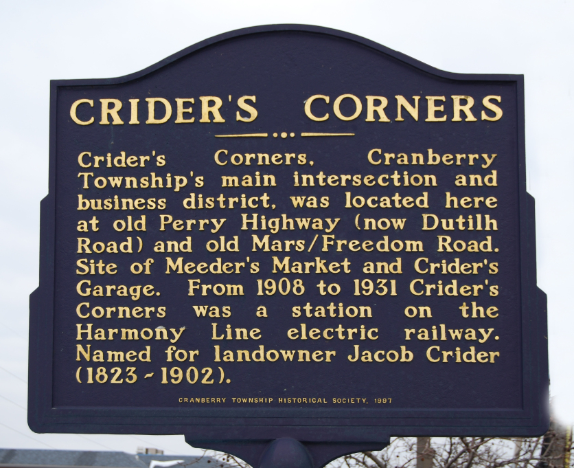 Site of Meeder's Market and Crider's Garage. From 1908 to 1931 Crider's Corners was a station on the Harmony Line electric railway. Named for landowner Jacob Crider (1823-1902).
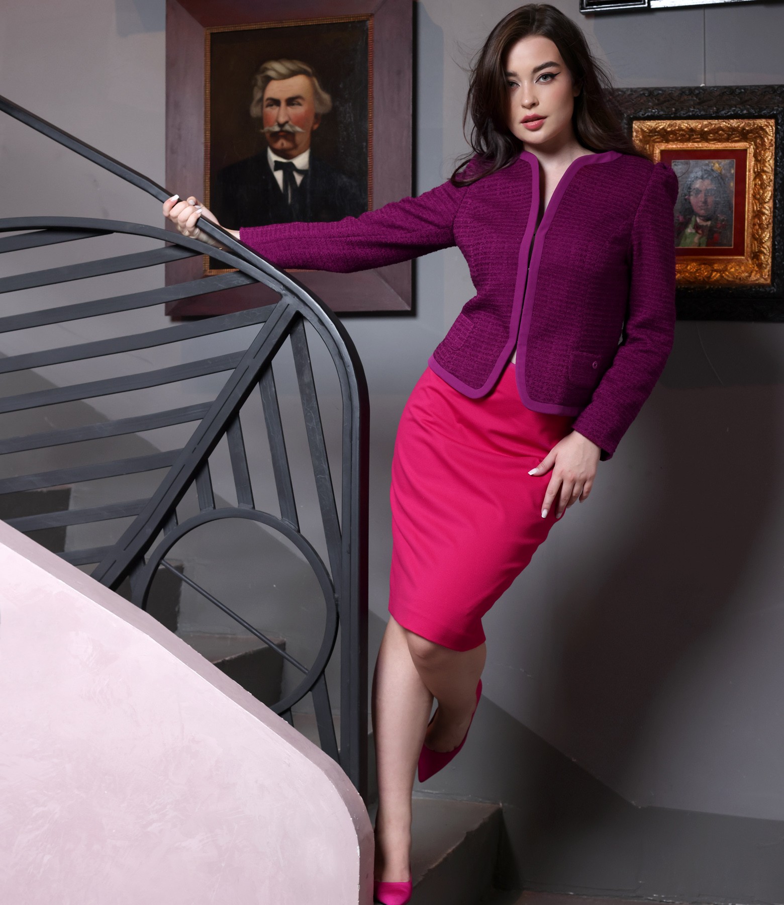 Office jacket made of loops with viscose and cotton (Magenta), size
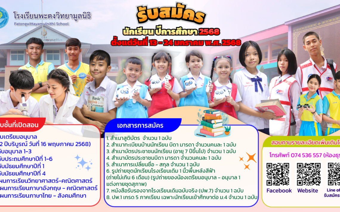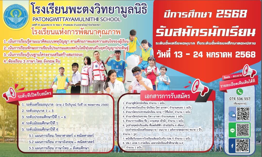 ใกล้รับสมัครแล้วครับ“รับสมัครนักเรียนปีการศึกษา 2568″เพียงแค่เตรียมหลักฐานการสมัครให้พร้อม เดินเข้ามาทุกคนพร้อมให้การต้อนรับไม่มีค่าธรรมเนียมการสมัครรับจำนวนจำกัด มาก่อนได้สิทธิ์ก่อนครับสร้างความรู้ เสริมประสบการณ์ที่ดี หาได้ที่โรงเรียนพะตงวิทยามูลนิธิ
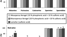 The analytical procedure is based on the method developed by Franc et al.30. The extraction of compounds was carried out using 10 mm × 1 mm (length × film thickness) polydimethylsiloxane stir bars (Twister®, 63 µL coating, Gerstel, Mülheim an der Ruhr, Germany). These were placed into the vial containing 10 mL of wine sample and 20 µL of an internal standard solution (hydro alcoholic solution 50% v/v at 112 µg L−1 of d3-2-isobutyl-3-methoxypyrazine, 55.5 µg.L−1 of d5-2,4,6-trichloroanisole 60 µg L−1 of d5-4-ethylguaiacol and 300 µg./L−1 of (±)-d5-geosmin). After 60 min of stirring at 900 rpm, the stir bars were removed, rinsed with Milli-Q quality water (18.2 MΩ cm−1), dried carefully with a paper towel, and transferred into a desorption tube for chromatographic analysis. Analyses were performed using an Agilent 6890 gas chromatograph system, fit with an Agilent HP-5MS capillary column (30 m × 0.25 mm i.d. 0.25 µm film thickness). The GC was combined into an Agilent 5975 mass spectrometric detector (Agilent Technologies, Massy, France). The system was equipped with a Gerstel MPS 2 autosampler, a Twister Thermal Desorption Unit (TDU), and a Gerstel Cooled Injection System Programmable Temperature Vaporization (PTV) inlet (Gerstel, Mülheim an der Ruhr, Germany).The compounds adsorbed on stir bars were thermally desorbed in the TDU with a helium flow at 50 mL min−1 in splitless mode and a temperature rate program of 60 °C.min−1 from 30 °C to 280 °C (held for 10 min). TDU transfer line was kept at 300 °C and the desorbed compounds were cryofocused in the CIS maintained at −100 °C using liquid nitrogen. PTV injector was then heated at 12 °C.s−1 from −100 °C to 290 °C (held for 5 min) to inject the trapped compounds onto the capillary column. The injection was performed in splitless mode at 1.5 min (helium purge flow of 50 mL.min−1). The program for the oven temperature was as follows: 40 °C for initial temperature, increasing to 120 °C at a rate of 2 °C min−1 and then to 290 °C (held for 9 min) at a rate of 10 °C min−1. Electronic ionization was performed at 70 eV with a detector temperature at 230 °C. The selected ions monitored with a dwell time of 50 ms and distributed in time windows were the following: Window 1—after solvent delay (15 min) to 30.5 min, ions 122, 124, 137, 139, 152, 157; Window 2 - From 30.5 to 34.5 min, ions 195, 197, 210, 212, 215, 217; Window 3 - From 34.5 to 39 min, ions 112, 114, 128, 149, 182, 186; Window 4—From 39 to 43 min, ions 231, 244, 246; Window 5—From 43 to 46 min, ions 265, 278, 280, 329, 331, 346. Run time was 66 min. The method allows the quantification of: 2-Isobutyl-3-methoxypyrazine (IBMP); 2,4,6-trichloroanisole (TCA); 2,4,6-tribromoanisole; 2,3,5,6-tetrachloroanisole; 2,3,4,5,6-pentachloroanisole; 4-ethylphenol (EP); 4-ethylguaiacol (EG); (±)-geosmin. Only, IBMP (in 2 samples at the levels of 4 and 17 ng L−1), EP and EG (in all the samples but 3 at levels between 8 and 7000 µg L−1) have been detected and quantified.
━━━━━━━━━━━━━━━━
Each line above has to be returned exactly. Drop the pictures.

 Site of Meeder's Market and Crider's Garage. From 1908 to 1931 Crider's Corners was a station on the Harmony Line electric railway. Named for landowner Jacob Crider (1823-1902).
 Office jacket made of loops with viscose and cotton (Magenta), size
 ใกล้รับสมัครแล้วครับ“รับสมัครนักเรียนปีการศึกษา 2568″เพียงแค่เตรียมหลักฐานการสมัครให้พร้อม เดินเข้ามาทุกคนพร้อมให้การต้อนรับไม่มีค่าธรรมเนียมการสมัครรับจำนวนจำกัด มาก่อนได้สิทธิ์ก่อนครับสร้างความรู้ เสริมประสบการณ์ที่ดี หาได้ที่โรงเรียนพะตงวิทยามูลนิธิ
 The analytical procedure is based on the method developed by Franc et al.30. The extraction of compounds was carried out using 10 mm × 1 mm (length × film thickness) polydimethylsiloxane stir bars (Twister®, 63 µL coating, Gerstel, Mülheim an der Ruhr, Germany). These were placed into the vial containing 10 mL of wine sample and 20 µL of an internal standard solution (hydro alcoholic solution 50% v/v at 112 µg L−1 of d3-2-isobutyl-3-methoxypyrazine, 55.5 µg.L−1 of d5-2,4,6-trichloroanisole 60 µg L−1 of d5-4-ethylguaiacol and 300 µg./L−1 of (±)-d5-geosmin). After 60 min of stirring at 900 rpm, the stir bars were removed, rinsed with Milli-Q quality water (18.2 MΩ cm−1), dried carefully with a paper towel, and transferred into a desorption tube for chromatographic analysis. Analyses were performed using an Agilent 6890 gas chromatograph system, fit with an Agilent HP-5MS capillary column (30 m × 0.25 mm i.d. 0.25 µm film thickness). The GC was combined into an Agilent 5975 mass spectrometric detector (Agilent Technologies, Massy, France). The system was equipped with a Gerstel MPS 2 autosampler, a Twister Thermal Desorption Unit (TDU), and a Gerstel Cooled Injection System Programmable Temperature Vaporization (PTV) inlet (Gerstel, Mülheim an der Ruhr, Germany).The compounds adsorbed on stir bars were thermally desorbed in the TDU with a helium flow at 50 mL min−1 in splitless mode and a temperature rate program of 60 °C.min−1 from 30 °C to 280 °C (held for 10 min). TDU transfer line was kept at 300 °C and the desorbed compounds were cryofocused in the CIS maintained at −100 °C using liquid nitrogen. PTV injector was then heated at 12 °C.s−1 from −100 °C to 290 °C (held for 5 min) to inject the trapped compounds onto the capillary column. The injection was performed in splitless mode at 1.5 min (helium purge flow of 50 mL.min−1). The program for the oven temperature was as follows: 40 °C for initial temperature, increasing to 120 °C at a rate of 2 °C min−1 and then to 290 °C (held for 9 min) at a rate of 10 °C min−1. Electronic ionization was performed at 70 eV with a detector temperature at 230 °C. The selected ions monitored with a dwell time of 50 ms and distributed in time windows were the following: Window 1—after solvent delay (15 min) to 30.5 min, ions 122, 124, 137, 139, 152, 157; Window 2 - From 30.5 to 34.5 min, ions 195, 197, 210, 212, 215, 217; Window 3 - From 34.5 to 39 min, ions 112, 114, 128, 149, 182, 186; Window 4—From 39 to 43 min, ions 231, 244, 246; Window 5—From 43 to 46 min, ions 265, 278, 280, 329, 331, 346. Run time was 66 min. The method allows the quantification of: 2-Isobutyl-3-methoxypyrazine (IBMP); 2,4,6-trichloroanisole (TCA); 2,4,6-tribromoanisole; 2,3,5,6-tetrachloroanisole; 2,3,4,5,6-pentachloroanisole; 4-ethylphenol (EP); 4-ethylguaiacol (EG); (±)-geosmin. Only, IBMP (in 2 samples at the levels of 4 and 17 ng L−1), EP and EG (in all the samples but 3 at levels between 8 and 7000 µg L−1) have been detected and quantified.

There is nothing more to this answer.